Cuántos, hoy, en sus afanes sentimentales, profesionales y
económicos en los que depositan todas sus esperanzas y también sus depresiones
inexplicables, inquietantes y difusas, que los cercan como sombras, están, sin
saberlo, experimentando esa misma sensación.
¿Por qué se repiten tanto esas situaciones hoy en día? ¿Por qué el
hombre moderno se encuentra tan indefenso ante la decepción y se muestra tan
vulnerable a las frustraciones? La respuesta ya la hemos dado en muchas
ocasiones a lo largo de estas páginas: porque absolutiza lo relativo. Porque
diviniza lo humano. Y cuando lo humano y lo que parecía absoluto se
desintegran, el hombre se encuentra suspendido en el aire: no encuentra nada en
qué apoyarse, todo parece precipitarse hacia abajo, como un río en la catarata.

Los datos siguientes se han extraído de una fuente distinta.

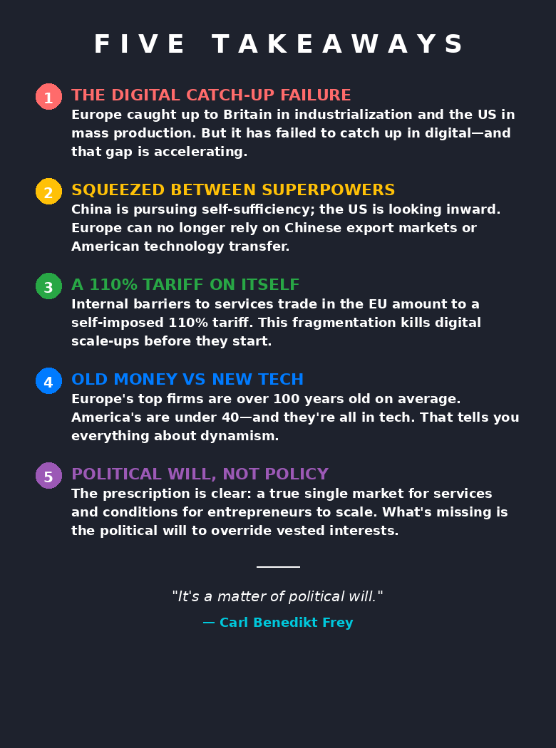 Yesterday’s show from the DLD conference was about the need for Europe to relearn the language of power. Today, things get even more dire for our European friends. I asked another DLD speaker, Carl Benedikt Frey, a Swedish economic historian who teaches at Oxford, whether it’s “game over” for Europe in terms of its ability to compete with American and Chinese big tech. His answer: not yet—but close. Frey’s last book, shortlisted for the 2025 Financial Times business book of the year, is entitled How Progress Ends: Technology, Innovation and the Fate of Nations. But it’s specifically Europe’s economic progress and the fate of European nations that most concerns Frey. Unless Europeans create a true single market for services, he warns, it really could be the end of the European dream of continent-wide progress. So no more crossroads for a continent perennially at a crossroads. And that single market, Frey explains, is ultimately a matter of political rather than economic will.

Y se siente el vértigo de la existencia...
Sin tener un fundamento cristiano -su origen era judío-, el famoso
profesor de la Universidad de Viena Viktor Frankl, se expresa de forma
sorprendente: «No vacilo en afirmar que siempre que alguien está desesperado
consigo mismo es porque ha divinizado algo, ha hecho de algo un valor absoluto.
»Una época como la nuestra, en que tan difundida está la frustración
individual, es una época de angustia desesperada para tantos precisamente
porque es una época en la que a muchos les falta un sentido para su vida, y
esto sucede porque divinizan la capacidad de trabajo y de placer. Es
indiscutible que también en tiempos pasados se daba la frustración existencial,
pero los hombres afectados por ella iban al sacerdote y no al médico; ahora
deberían hacer lo mismo»
No pensemos que estas situaciones dolorosas son fenómenos de
laboratorio, desvinculados de la vida cotidiana; son, al contrario, realidades
concretas que, desgraciadamente, se repiten con mayor frecuencia de lo que
creemos, tal vez bajo el velo de una sonrisa. Si hiciésemos un corte
transversal a lo largo de la vida de una cantidad muy considerable de personas,
a lo mejor nos encontrábamos con esas vivencias: al principio lo veríamos con
incredulidad, luego con inquietud: un hombre sin Dios -¡sin el Dios vivo!,
¡aunque sea un Dios atrofiado por la rutina!- advierte que las fachadas de la
vida van cayendo una a una, que las reservas de energía ya no se reponen con la
facilidad de antaño; que, como alguien decía, se comienza a gastar el capital
de la vida, en vez de sus rentas; que ya no existe tiempo para realizar esas
grandes obras con las que uno soñaba con
consagrarse (en el fondo -¡qué locura!- inmortalizarse); que ya se
ha subido a la cumbre de la vida -poco le queda ya por probar-, y comienza a
volverse más pronunciada la decepcionante cuesta abajo... Lo que antes solo era
un tema académico, ante el cual, pensábamos, solo sentían miedo los débiles,
pasa a ser algo inexcusable, evidente, irreversible: el tiempo nos empuja por
su pendiente y vemos el abismo: una elocuente boca, abierta y negra, que
pregunta: «¿Y después? ¿Y después? ¿Qué encontraré después de los contados y
reducidos días de mi vida terrena?».